[RFC PATCH 1/6] x86/virt/tdx: Add SEAMCALL wrappers for TDX KeyID management

Rick Edgecombe posted 6 patches 1 year, 2 months ago
There is a newer version of this series
[RFC PATCH 1/6] x86/virt/tdx: Add SEAMCALL wrappers for TDX KeyID management
Posted by Rick Edgecombe 1 year, 2 months ago
Intel TDX protects guest VMs from malicious host and certain physical
attacks. Pre-TDX Intel hardware has support for a memory encryption
architecture called MK-TME, which repurposes several high bits of
physical address as "KeyID". TDX ends up with reserving a sub-range of
MK-TME KeyIDs as "TDX private KeyIDs".

Like MK-TME, these KeyIDs can be associated with an ephemeral key.
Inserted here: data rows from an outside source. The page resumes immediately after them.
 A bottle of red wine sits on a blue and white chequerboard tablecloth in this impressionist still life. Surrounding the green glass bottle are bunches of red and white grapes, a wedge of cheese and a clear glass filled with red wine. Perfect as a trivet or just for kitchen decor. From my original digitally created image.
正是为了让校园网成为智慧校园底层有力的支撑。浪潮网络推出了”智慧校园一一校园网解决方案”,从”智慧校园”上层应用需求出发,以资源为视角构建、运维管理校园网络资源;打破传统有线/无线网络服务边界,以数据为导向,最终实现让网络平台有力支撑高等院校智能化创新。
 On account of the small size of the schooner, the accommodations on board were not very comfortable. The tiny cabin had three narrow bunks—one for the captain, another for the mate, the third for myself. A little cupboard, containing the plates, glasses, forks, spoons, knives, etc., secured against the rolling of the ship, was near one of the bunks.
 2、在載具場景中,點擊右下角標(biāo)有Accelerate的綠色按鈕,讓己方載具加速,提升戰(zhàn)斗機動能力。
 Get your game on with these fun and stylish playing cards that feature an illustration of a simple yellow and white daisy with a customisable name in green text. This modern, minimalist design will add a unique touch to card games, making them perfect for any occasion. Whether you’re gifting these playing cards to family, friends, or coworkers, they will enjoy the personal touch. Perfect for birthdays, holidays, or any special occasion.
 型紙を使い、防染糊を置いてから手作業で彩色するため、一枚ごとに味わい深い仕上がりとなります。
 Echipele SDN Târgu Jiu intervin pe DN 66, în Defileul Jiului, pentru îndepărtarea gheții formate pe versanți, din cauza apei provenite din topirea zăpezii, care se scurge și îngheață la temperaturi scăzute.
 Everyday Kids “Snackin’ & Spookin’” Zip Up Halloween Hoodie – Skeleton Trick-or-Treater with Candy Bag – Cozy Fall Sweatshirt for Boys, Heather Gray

For TDX
this association is done by the TDX module. It also has its own tracking
for which KeyIDs are in use. To do this ephemeral key setup and manipulate
the TDX module's internal tracking, KVM will use the following SEAMCALLs:
 TDH.MNG.KEY.CONFIG: Mark the KeyID as in use, and initialize its
                     ephemeral key.
 TDH.MNG.KEY.FREEID: Mark the KeyID as not in use.
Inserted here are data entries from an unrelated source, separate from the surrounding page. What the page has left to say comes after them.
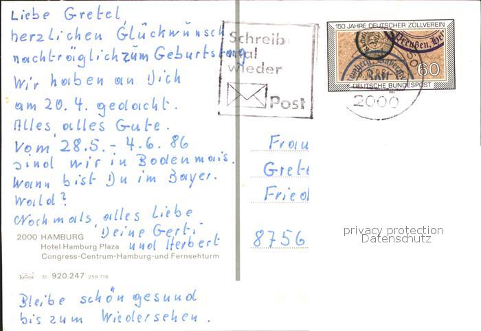 71976478 alte Postkarte HAMBURG CITY Hotel Hamburg Plaza Congress Zentrum Fernsehturm postalisch gelaufen Erhaltung siehe scans KatCode: 11110002000000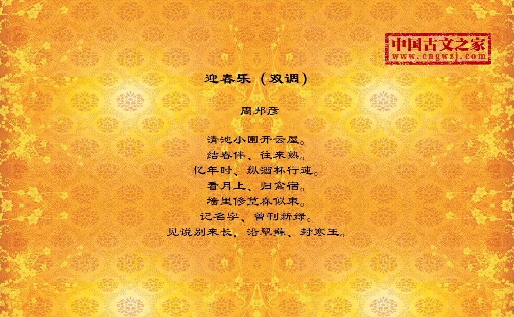 周邦彦(1056年-1121年),中国北宋末期著名的词人,字美成,号清真居士,汉族,钱塘(今浙江杭州)人。历官太学正、庐州教授、知溧水县等。徽宗时为徽
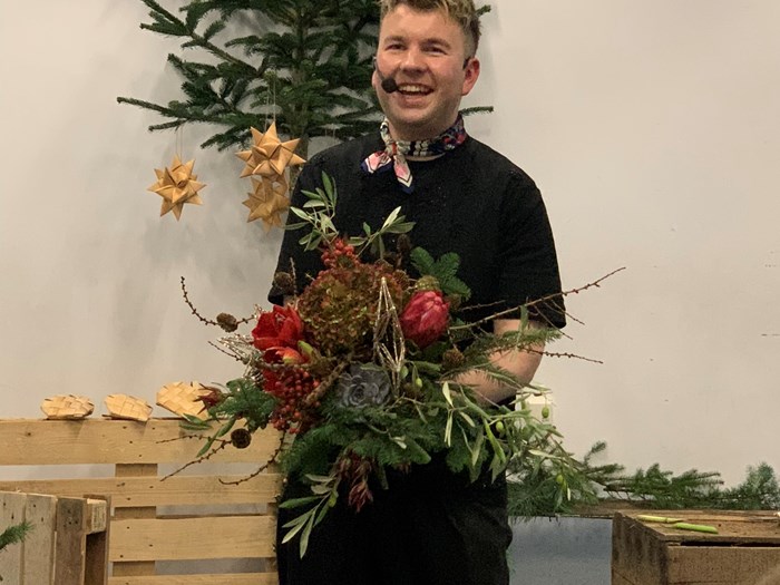 I år er vi så heldige at byde velkommen til Sanne og Mattias fra Karina - Eksklusiv Blomsterkunst fra Vejle. De vil dele ud af deres viden og vise os tips og tricks til årets juledekorationer.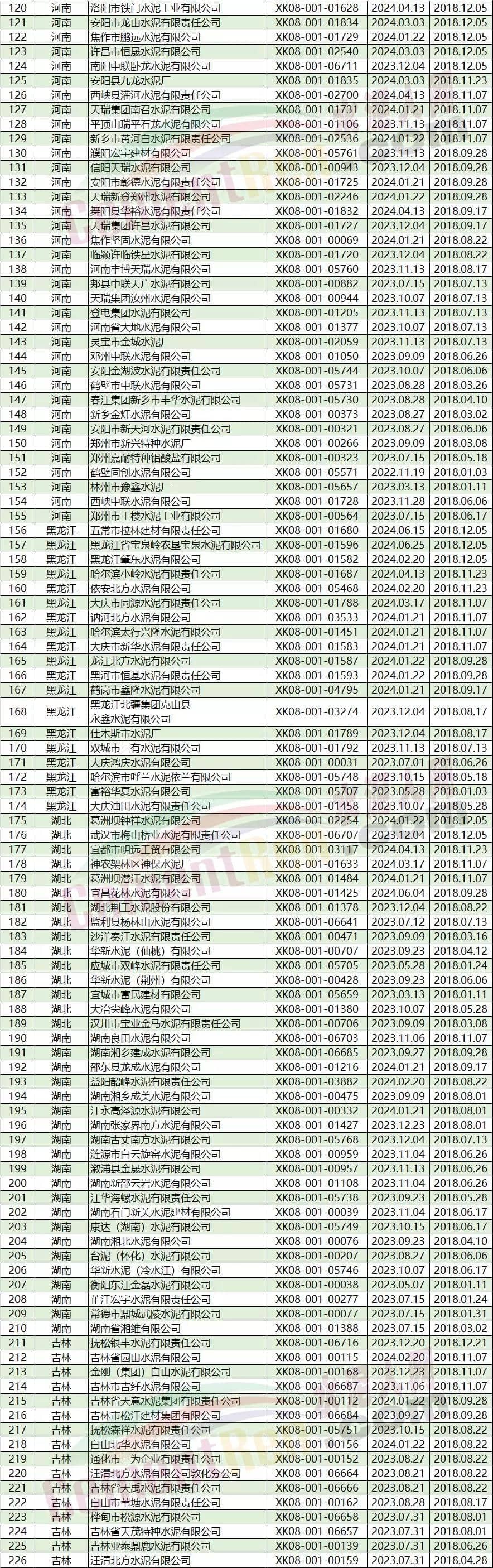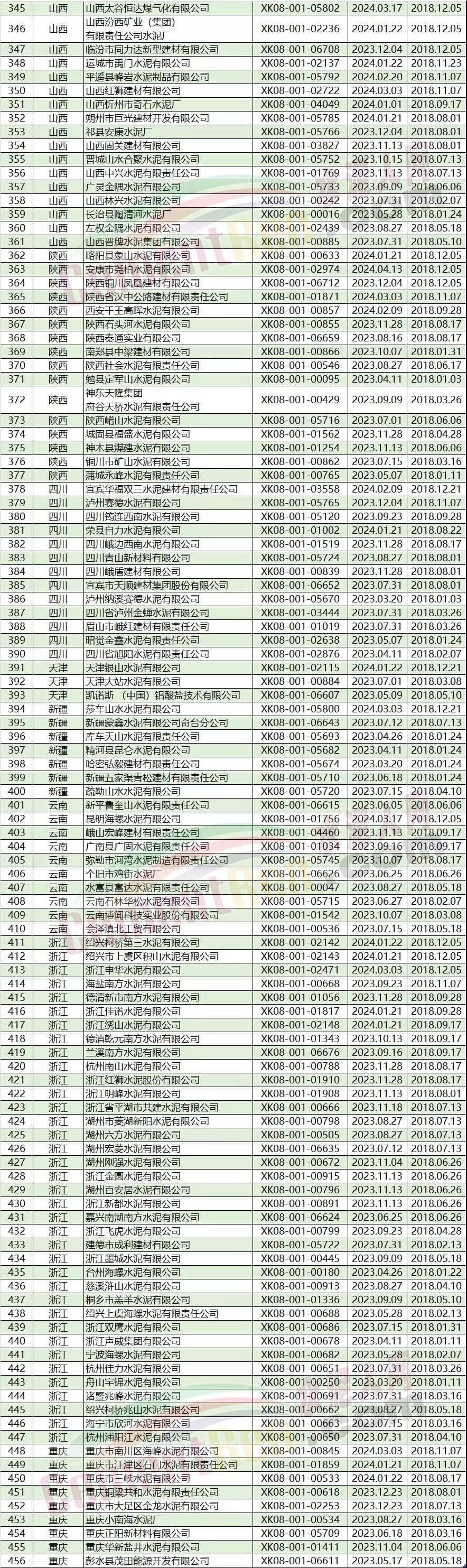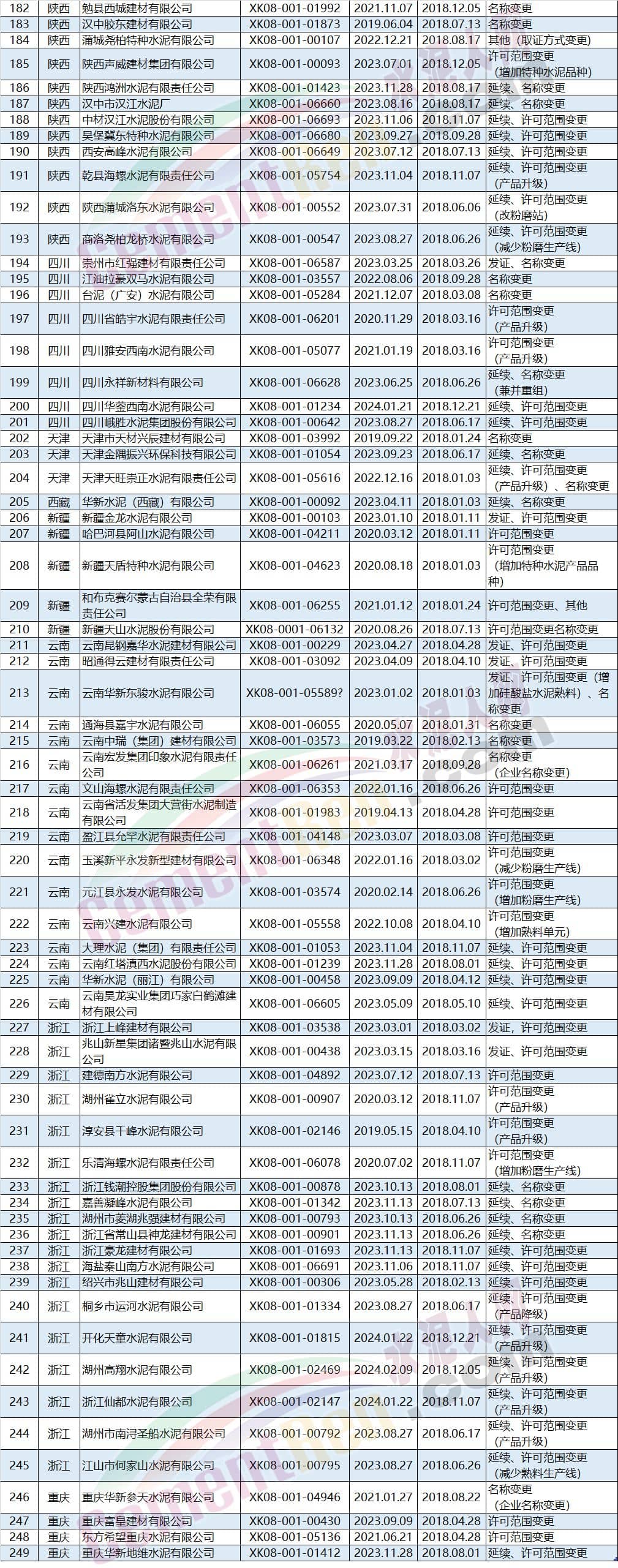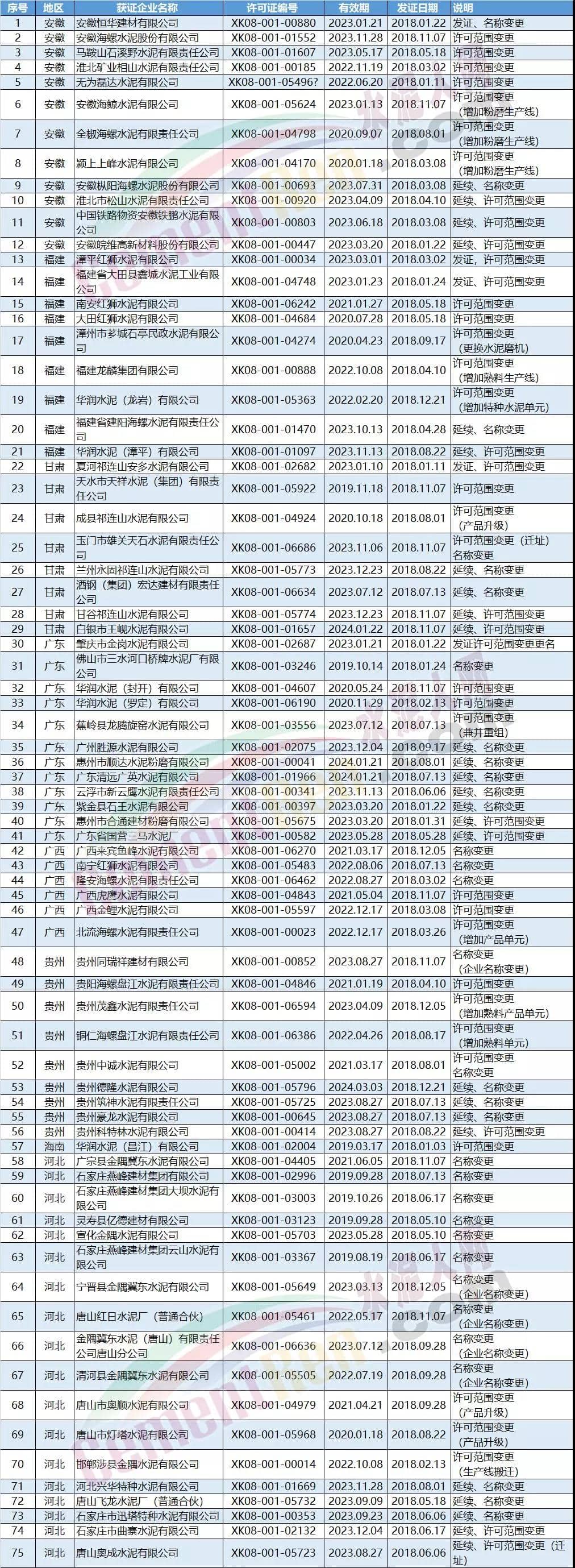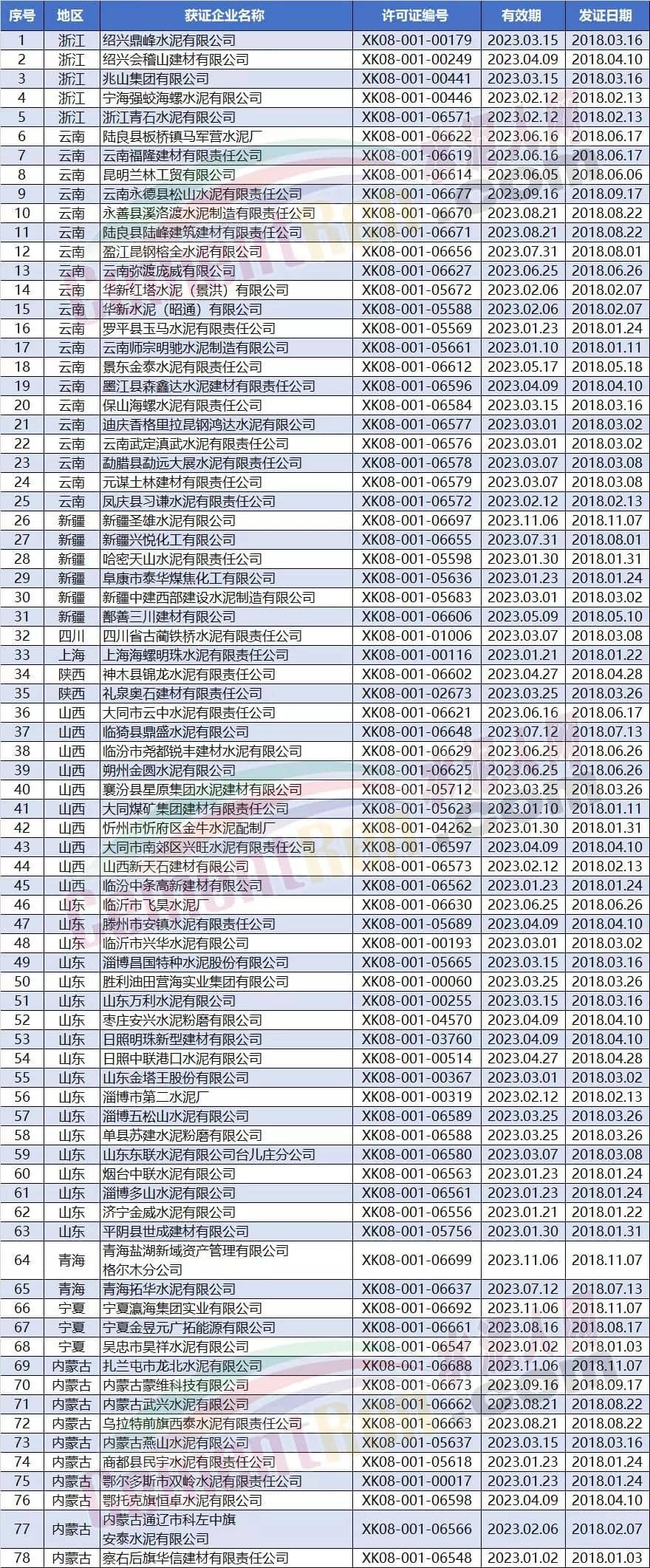 內(nèi)蒙、山西、河北各發(fā)放10個編號水泥企業(yè)生產(chǎn)許可證。福建、甘肅 、廣西、寧夏、青海 、新疆、貴州、河南 、湖南、湖北、浙江、上海、遼寧、吉林、黑龍江、江蘇、江西、山東、陜西、四川等區(qū)域也有新發(fā)證書。

These SEAMCALLs both operate on TDR structures, which are setup using the
previously added TDH.MNG.CREATE SEAMCALL. KVM's use of these operations
will go like:
 - tdx_guest_keyid_alloc()
 - Initialize TD and TDR page with TDH.MNG.CREATE (not yet-added), passing
   KeyID
 - TDH.MNG.KEY.CONFIG to initialize the key
 - TD runs, teardown is started
 - TDH.MNG.KEY.FREEID
 - tdx_guest_keyid_free()

Don't try to combine the tdx_guest_keyid_alloc() and TDH.MNG.KEY.CONFIG
operations because TDH.MNG.CREATE and some locking need to be done in the
middle. Don't combine TDH.MNG.KEY.FREEID and tdx_guest_keyid_free() so they
are symmetrical with the creation path.

So implement tdh_mng_key_config() and tdh_mng_key_freeid() as separate
functions than tdx_guest_keyid_alloc() and tdx_guest_keyid_free().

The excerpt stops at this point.